Now we remove the features of every amino acid separately, to see if the test set accuracy drops, as this would point to a specific importance of that amino acid for differentiating between the two states.

In [31]:
with open('drive/MyDrive/FNN_protein_complex_data/res_feat_idx.json', 'r') as f:
    res_feat_idx = json.load(f)

accuracies = {}

for x in res_feat_idx:
    idx = res_feat_idx[x]
    X = torch.clone(X_test)
    X[:, idx] =  X_test.mean(dim=0)[idx]
    X[:, idx] =  X_test.mean(dim=0)[idx]

    y_hat = net.predict(X)
    acc = accuracy(y_hat, y_test)

    accuracies[x] = acc


Now we look at the 10 amno acids with the lowest accuracy.

In [33]:
accuracies_sorted = dict(sorted(accuracies.items(), key=lambda x:x[1]))

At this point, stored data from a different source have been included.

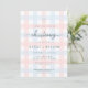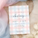 Celebre o batismo dos seus gêmeos com este convite de batismo clássico em gingham. O design apresenta um padrão gingham atemporal combinado com uma tipografia elegante e manuscrita, criando um visual tradicional e charmoso para esta ocasião especial.
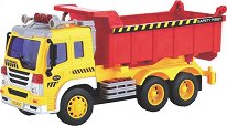 Детският камион е изработен от пластмаса и разполага с подвижно ремарке. Той има светлинни и звукови ефекти, които се задействат посредством разположените върху каросерията бутони. Камиончето е с приблизителна дължина 24 cm. Играчката работи с 3 батерии AG13, които са включени в комплекта с демонстративна цел. Препоръчително е да бъдат сменени с нови, преди играчката да бъде дадена на детето. ... |
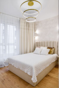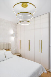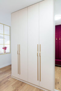– Meble na wymiar: Wszystkie zabudowy stałe, meble kuchenne, łóżko w sypialni oraz elementy tapicerowane zostały spersonalizowane i wykonane na zamówienie pod konkretne wymiary tego wnętrza.
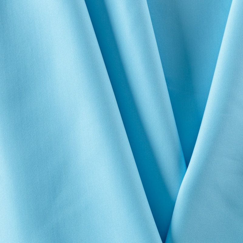 Итальянский плотный матовый бифлекс светло-голубого цвета. Ткань отлично тянется во всех направлениях, не прозрачный, одежда из него не сковывает движения. Хорошо впитывает влагу и быстро высыхает, не вызывет аллергии и раздражения. Подойдет для пошива купальников, пляжных и коктейльных платьев, топов, боди, леггинсов, велосипедок и лосин, костюмов фигуристов, танцоров, гимнастов.

for i, x in enumerate(accuracies_sorted):
    print(x, accuracies_sorted[x])
    if i == 10:
        break

GLU187 tensor(0.9994)
ARG1 tensor(0.9994)
ARG17 tensor(0.9994)
GLY56 tensor(0.9994)
GLN30 tensor(0.9995)
LEU33 tensor(0.9995)
TYR39 tensor(0.9995)
GLY43 tensor(0.9995)
TYR59 tensor(0.9995)
LYS60 tensor(0.9995)
SER61 tensor(0.9995)


We see that the accuracy does not drop very much at all. This is expected as the difference between the states is likely to involve multiple amino acids. Interestingly, ARG17 is in the list where the accuracy drops most (albeit very slightly), which is one of the main amino acids that will change its position during the transition between the states.